(Records from a collection)
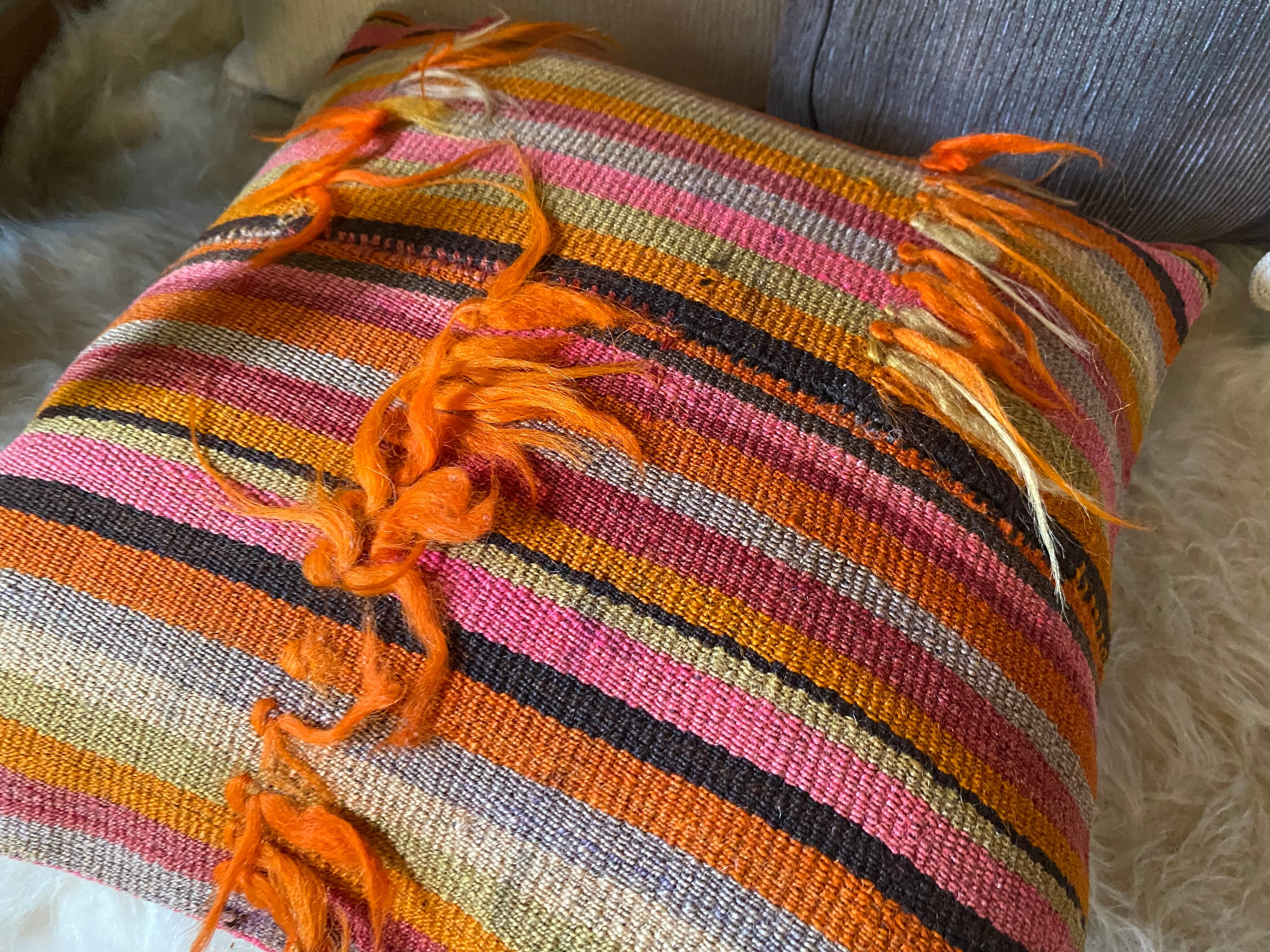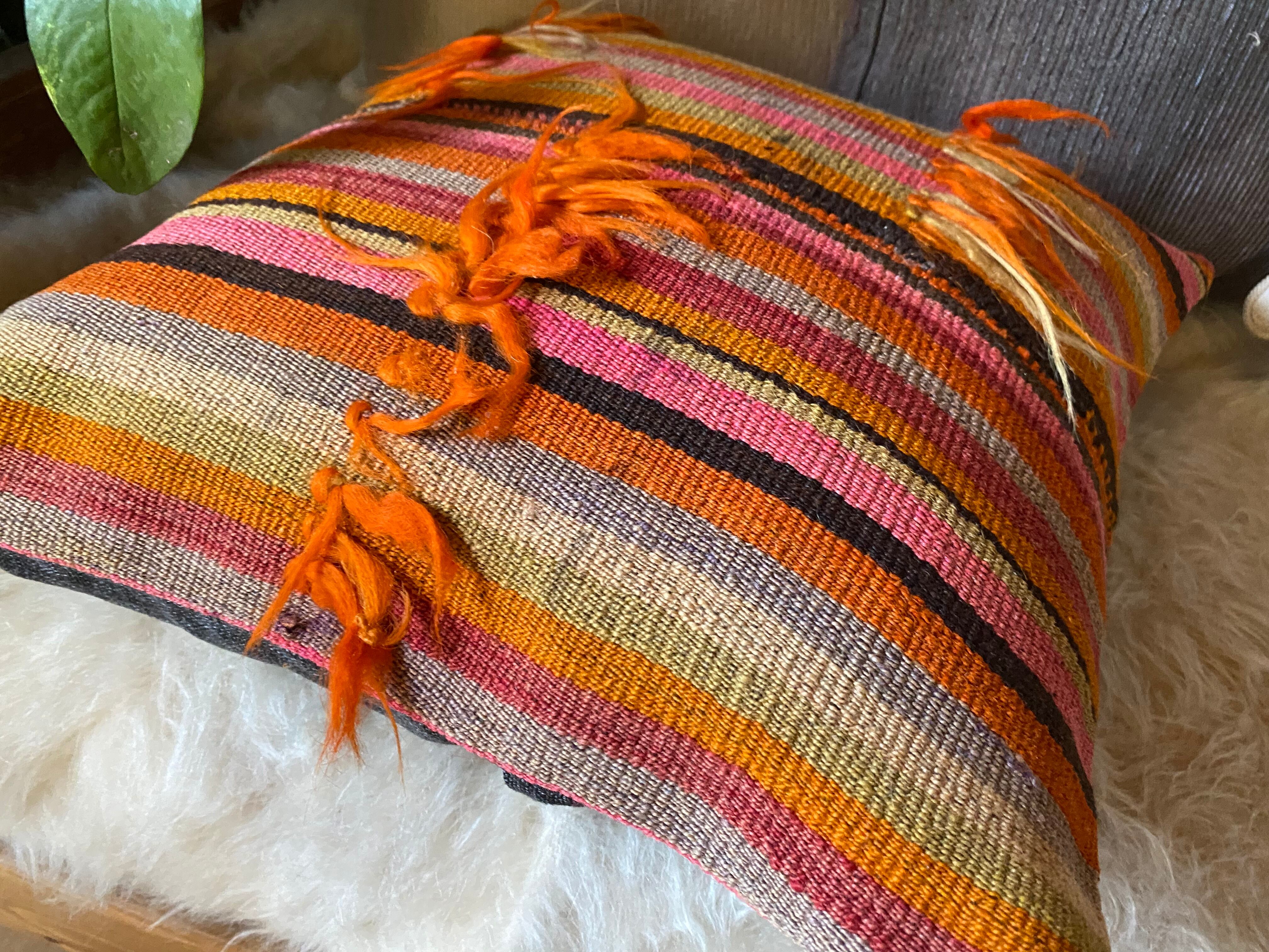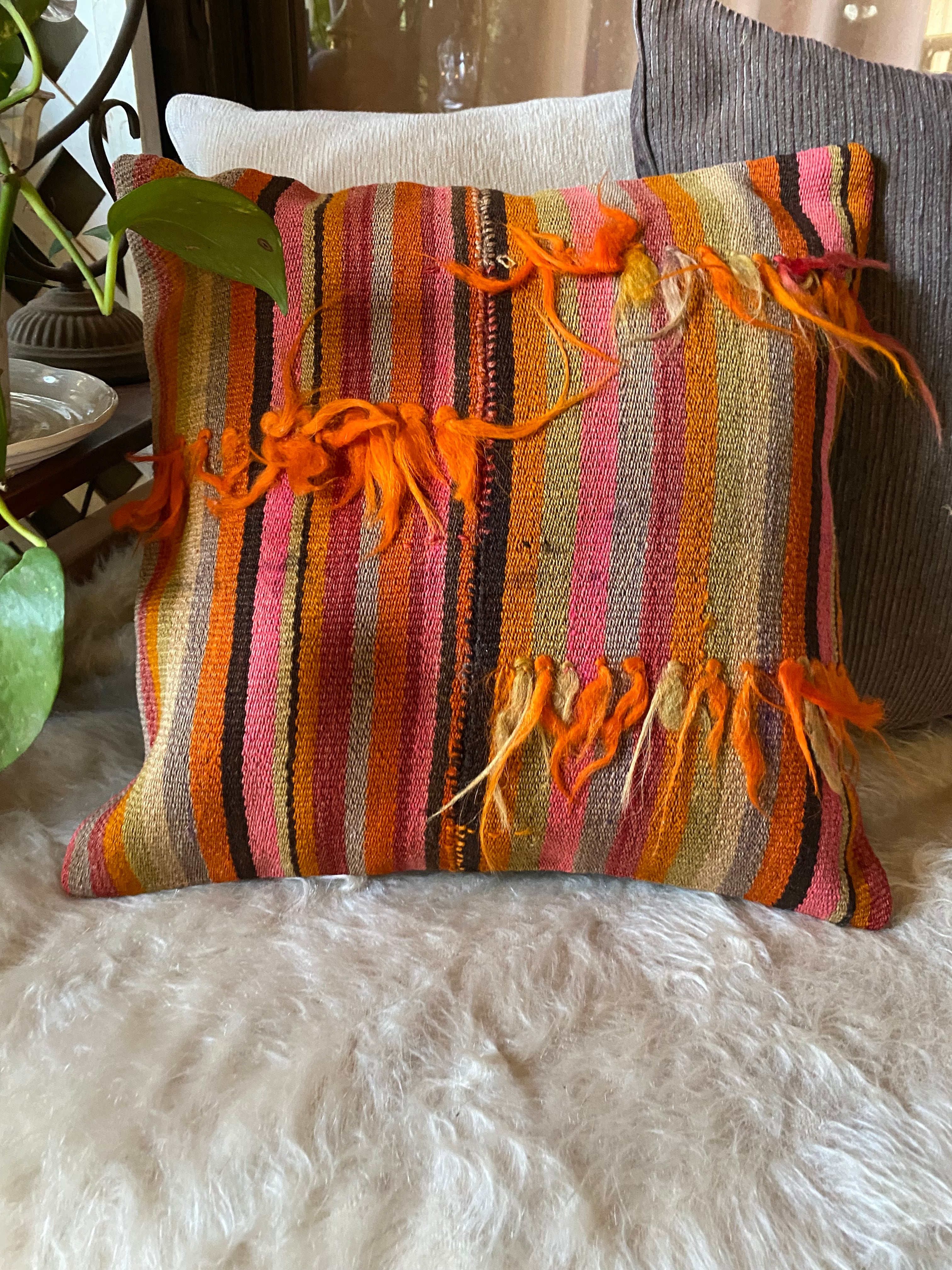 キリムのある素敵な暮らしを始めませんか?42×42クッションカバー一枚でお部屋が素敵に!房が可愛いトルコシヴァスキリムクッションカバー
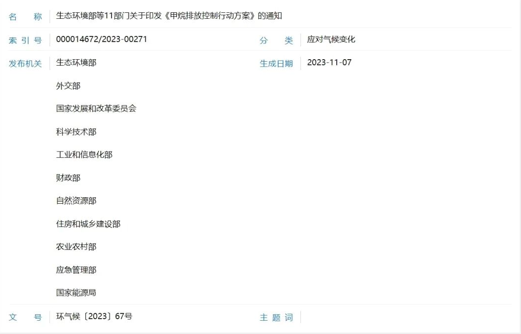 11月7日,生態環境部等11部門聯合印發《甲烷排放控制行動方案》的通知,這是我國開展甲烷排放管理控制的頂層設計文件,明確提出了“十四五”和“十五五”期間甲烷排放控制目標。
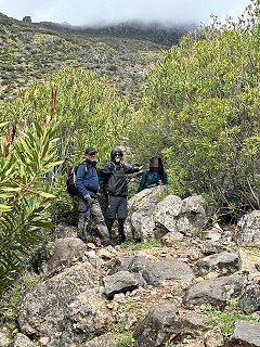 Le samedi matin les participants décidèrent de prendre le petit déjeuner dans un café avant de commencer la marche. Le coup d’envoi fut donné vers 9h. Il faisait encore frais et le ciel couvert de nuages gris. Les sommets des montagnes enfoncés dans les nuages annonçaient une journée mouillée. En effet, à mi-chemin de la montée vers le sommet il commença à pleuvoir quelques participants décidèrent de rebrousser chemin alors que les autres continuèrent leur ascension. Après une demi-heure sous la pluie tout le monde.
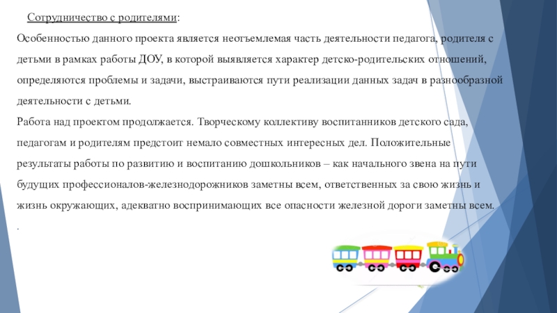Работа над проектом продолжается. Творческому коллективу воспитанников детского сада, педагогам и родителям предстоит немало совместных интересных дел. Положительные результаты работы по развитию и воспитанию дошкольников – как начального звена на пути будущих профессионалов-железнодорожников заметны всем, ответственных за свою жизнь и жизнь окружающих, адекватно воспринимающих все опасности железной дороги заметны всем.
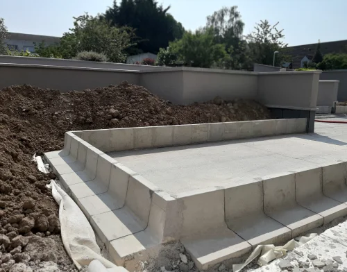 Le MINI MUR est un élément en forme de L, auto-stable, conçu spécifiquement pour la retenue de terre dans le cadre d’aménagements paysagers, offrant polyvalence et esthétique à vos projets.
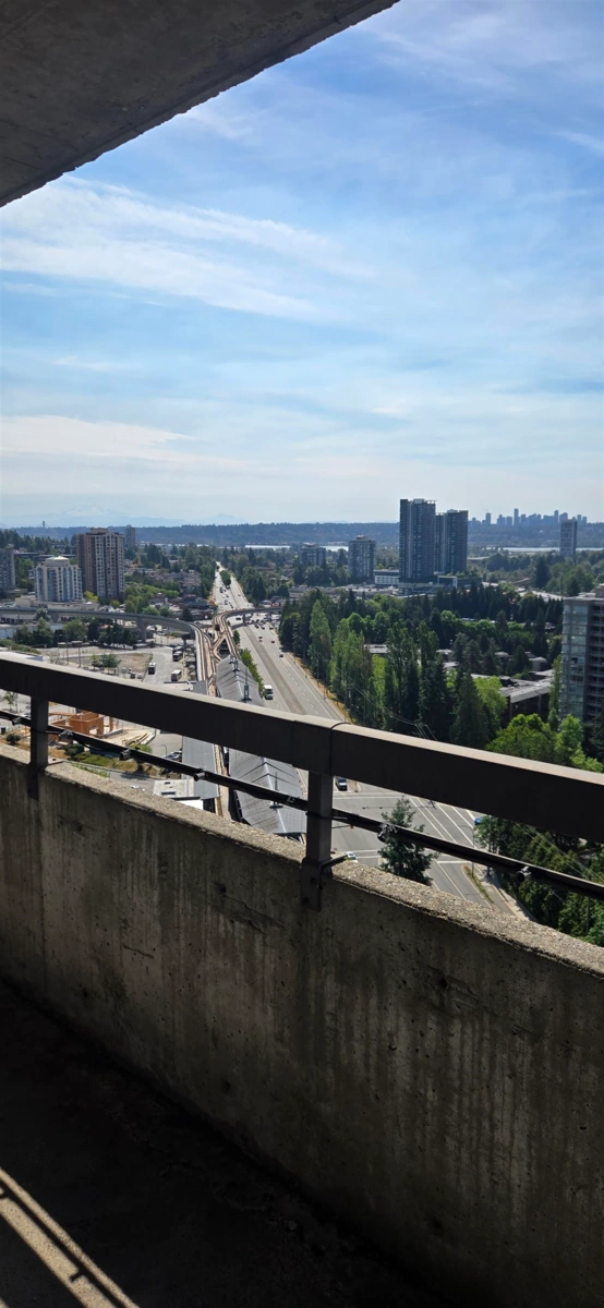 Breathtaking Views from This One-Bedroom Penthouse at Timberlea - Birch Tower! Enjoy panoramic vistas from this stunning corner suite, featuring a spacious wraparound balcony perfect for relaxing or entertaining. This penthouse offers not only spectacular views but also access to top-tier amenities, including an indoor pool, hot tub, sauna, fully-equipped gym, lounge, library, billiards and ping pong tables, a workshop studio, and an on-site caretaker. Includes one parking stall and one storage locker. All just steps from Lougheed Town Centre Mall and SkyTrain for unbeatable convenience. Strata fees cover heat, hot water, and electricity. This condo is a blank canvas-ready for you to put your stamp on it. Don't miss this exceptional opportunity!
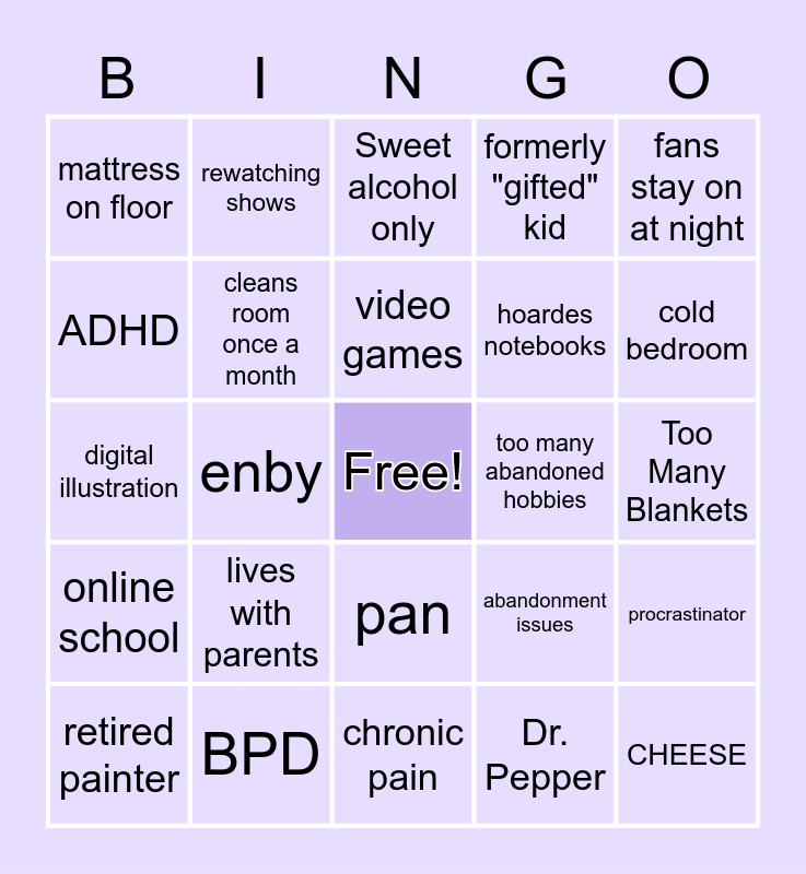 This bingo card has a free space and 24 words: lives with parents, BPD, video games, retired painter, fans stay on at night, mattress on floor, ADHD, rewatching shows, too many abandoned hobbies, pan, hoardes notebooks, digital illustration, abandonment issues, procrastinator, cleans room once a month, Dr. Pepper, Too Many Blankets, Sweet alcohol only, cold bedroom, enby, CHEESE, online school, formerly "gifted" kid and chronic pain.
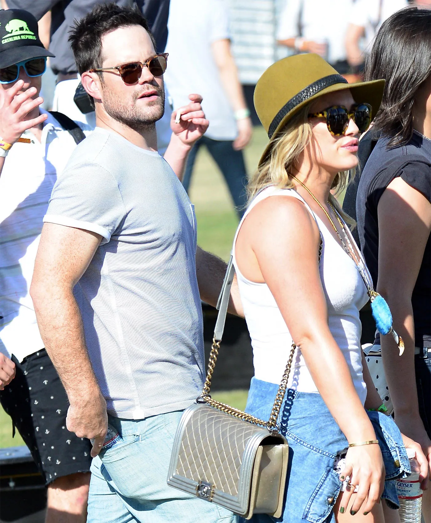 At Coachella, the two were snapped joking together and comfortably soaking in the music scene. Duff looked summery in a white tank, shorts, and fedora, while Comrie was also dressed casually for the festival in shorts, sneakers, and a t-shirt.
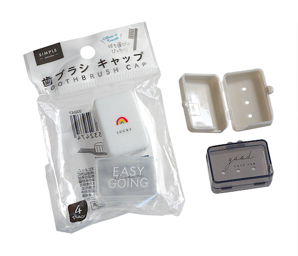 歯ブラシキャップ ロゴ 2.6×3.2×1.5cm 4個入 (100円ショップ 100円均一 100均一 100均)
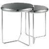 Zestaw ław, blat: szkło hartowane, stelaż: metal, kolor: czarny / chrom. Wymiary mniejszego stolika fi: 40, h-45 cm.
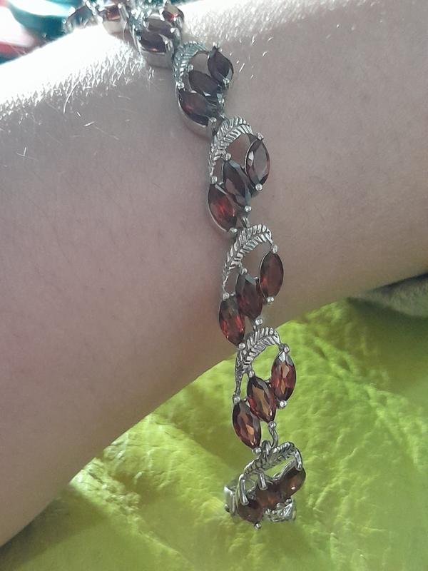 Браслет серебро 925* с натуральным гранатом пироп позолота белым золотом
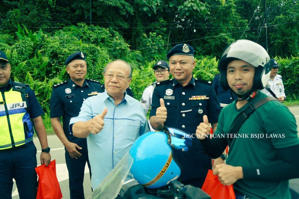 BERHATI-HATI… Ahli Parlimen Lawas, Dato Henry Sum Agong diiring Ketua Polis Daerah Lawas, DSP Liong Tindan menyampaikan risalah dan topi keledar kepada penunggang motosikal di Jalan Lawas-Trusan.
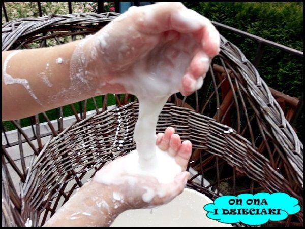 Robiłyśmy kulki lub próbowałyśmy je robić, bo nie zawsze się nam udawało i patrzyłyśmy jak się "roztapiają". Ciecz jest delikatna i bardzo miła w dotyku.
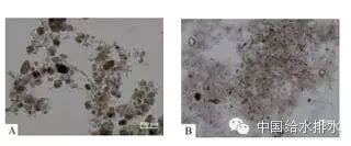 污泥A與污泥B在形態(tài)上有較大差異,如圖6所示。污泥A表現(xiàn)為微生物緊密聚集,形成較小的污泥聚集體,污泥更加密實(shí),該污泥雖具有較好的沉淀性能,但曝氣池泡沫嚴(yán)重。污泥A盡管污泥齡長,但其內(nèi)源呼吸比例維持在3.54%~6.46%之間,低于傳統(tǒng)活性污泥最低健康比例值8%,該廠由于進(jìn)水濃度高,曝氣池在污染物降解過程中熱效應(yīng)明顯,甚至需要開啟冷卻塔才能達(dá)到活性污泥正常運(yùn)行水溫條件,由此可見,該廠運(yùn)行條件已超出常規(guī)活性污泥法。上述結(jié)果表明,本研究定義內(nèi)源呼吸比例8%~16%為健康代謝區(qū),適用于常規(guī)的活性污泥法,對于其它工藝或特殊條件下的運(yùn)行還需要進(jìn)一步的研究。
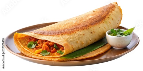 Macro Photography: Crispy Masala Dosa, Indian Food, Close-up, Delicious, South Indian Cuisine, Plate, Isolated Background, High-Resolution Image
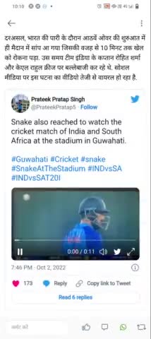 ind/sa gowahati me khele ja rahe match ke bich ground me phuncha bishalkay sanp 10 minat tak khel Raha badhit#indsat20
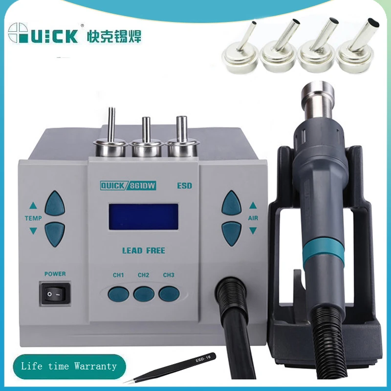 Оригинальная 1000 Вт быстрая 861DW Тепловая пушка без свинца, паяльная станция с микрокомпьютером, температура горячего воздуха, паяльная станция с 7 насадкамиСпециальные Особенности1. Имеет три рабочих Канала CH1, CH2, CH3, и каждый канал может быть установлен на количество ветра и температуры. 2. С защитой паролем и функцией блокировки ключей. 3. Для облегчения работы в режиме реального времени, с магнитным рычагом управления переключателем, помещается в держатель ручки немедленно в спящий режим. 4. С автоматической функцией сна, в спящем состоянии параметры могут быть установлены. 5. Сенсорная замкнутая петля, микрокомпьютер с нулевым пусковым механизмом контроля температуры, питания, нагрева быстро, легко и точно отрегулировать температуру стабильно, без влияния ветра. 6. Вихревые бесщеточные вентиляторы, регулируемый поток воздуха, широкий диапазон, могут быть адаптированы к различным видам использования. 7. Система имеет функцию автоматического охлаждения ветровой мощности, продлевает срок службы нагревательного элемента и защищает ручку горячего воздуха.ДеталиМощность 1000 Вт напряжение переменного тока 220 В/110 в диапазон температур 100 ~ 500 объем воздуха Диапазон 1 ~ 120 максимальный поток воздуха 120 л/мин Размеры 188 (L) раз 245 (D) раз 135 (H) ммВес около 3,65 кгПосылка
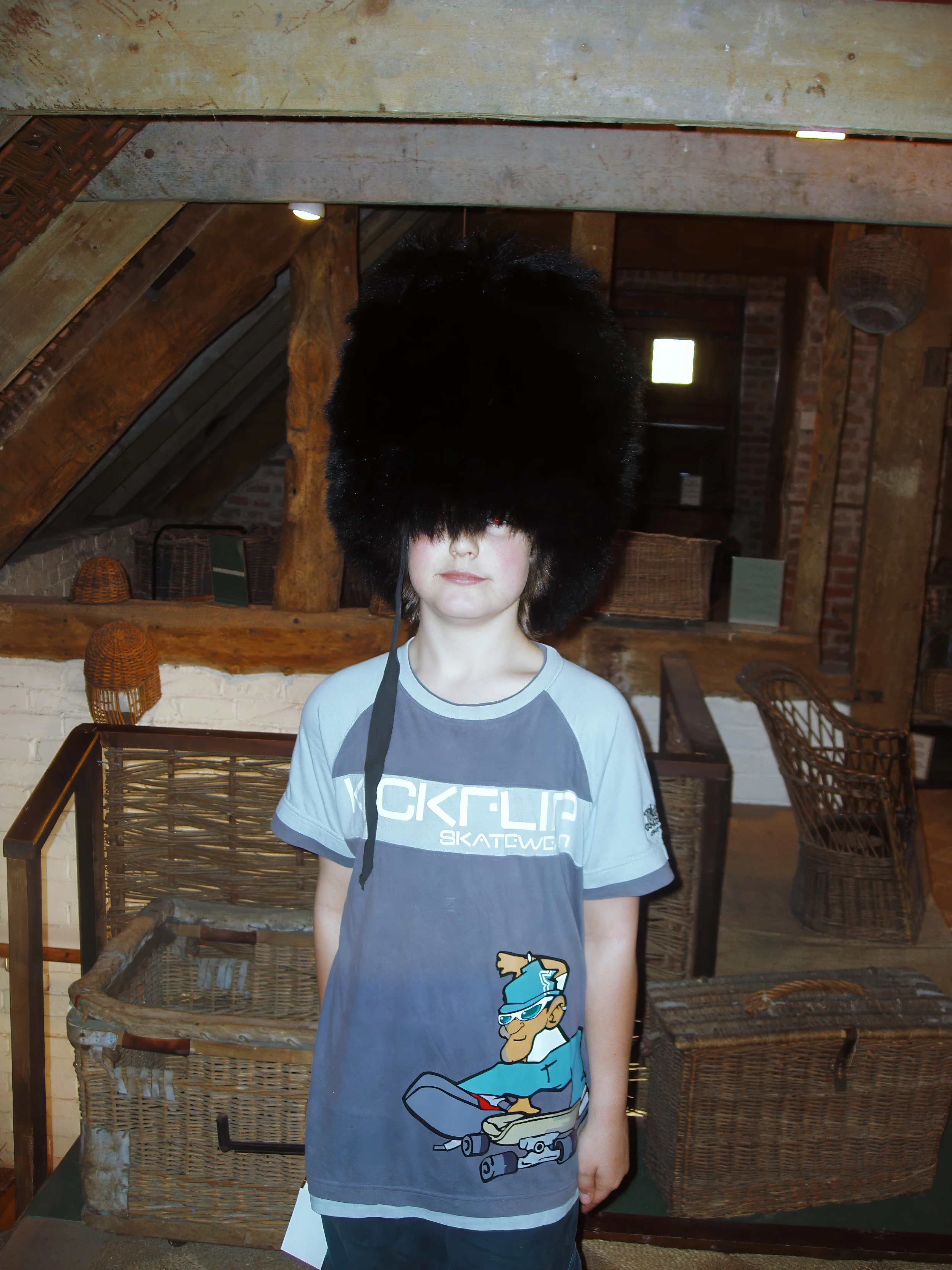 Zac tries on the bearskin at the Willows and Wetlands Visitor Centre, Meare Green.

### Problem
Transcribe, word for word, the stretch of lines in the data above from the one with "歯ブラシキャップ ロゴ 2.6×3.2×1.5cm" through the one with "ind/sa gowahati me"; omit all pictures.

### Task response
 歯ブラシキャップ ロゴ 2.6×3.2×1.5cm 4個入 (100円ショップ 100円均一 100均一 100均)
 Zestaw ław, blat: szkło hartowane, stelaż: metal, kolor: czarny / chrom. Wymiary mniejszego stolika fi: 40, h-45 cm.
 Браслет серебро 925* с натуральным гранатом пироп позолота белым золотом
 BERHATI-HATI… Ahli Parlimen Lawas, Dato Henry Sum Agong diiring Ketua Polis Daerah Lawas, DSP Liong Tindan menyampaikan risalah dan topi keledar kepada penunggang motosikal di Jalan Lawas-Trusan.
 Robiłyśmy kulki lub próbowałyśmy je robić, bo nie zawsze się nam udawało i patrzyłyśmy jak się "roztapiają". Ciecz jest delikatna i bardzo miła w dotyku.
 污泥A與污泥B在形態(tài)上有較大差異,如圖6所示。污泥A表現(xiàn)為微生物緊密聚集,形成較小的污泥聚集體,污泥更加密實(shí),該污泥雖具有較好的沉淀性能,但曝氣池泡沫嚴(yán)重。污泥A盡管污泥齡長,但其內(nèi)源呼吸比例維持在3.54%~6.46%之間,低于傳統(tǒng)活性污泥最低健康比例值8%,該廠由于進(jìn)水濃度高,曝氣池在污染物降解過程中熱效應(yīng)明顯,甚至需要開啟冷卻塔才能達(dá)到活性污泥正常運(yùn)行水溫條件,由此可見,該廠運(yùn)行條件已超出常規(guī)活性污泥法。上述結(jié)果表明,本研究定義內(nèi)源呼吸比例8%~16%為健康代謝區(qū),適用于常規(guī)的活性污泥法,對于其它工藝或特殊條件下的運(yùn)行還需要進(jìn)一步的研究。
 Macro Photography: Crispy Masala Dosa, Indian Food, Close-up, Delicious, South Indian Cuisine, Plate, Isolated Background, High-Resolution Image
 ind/sa gowahati me khele ja rahe match ke bich ground me phuncha bishalkay sanp 10 minat tak khel Raha badhit#indsat20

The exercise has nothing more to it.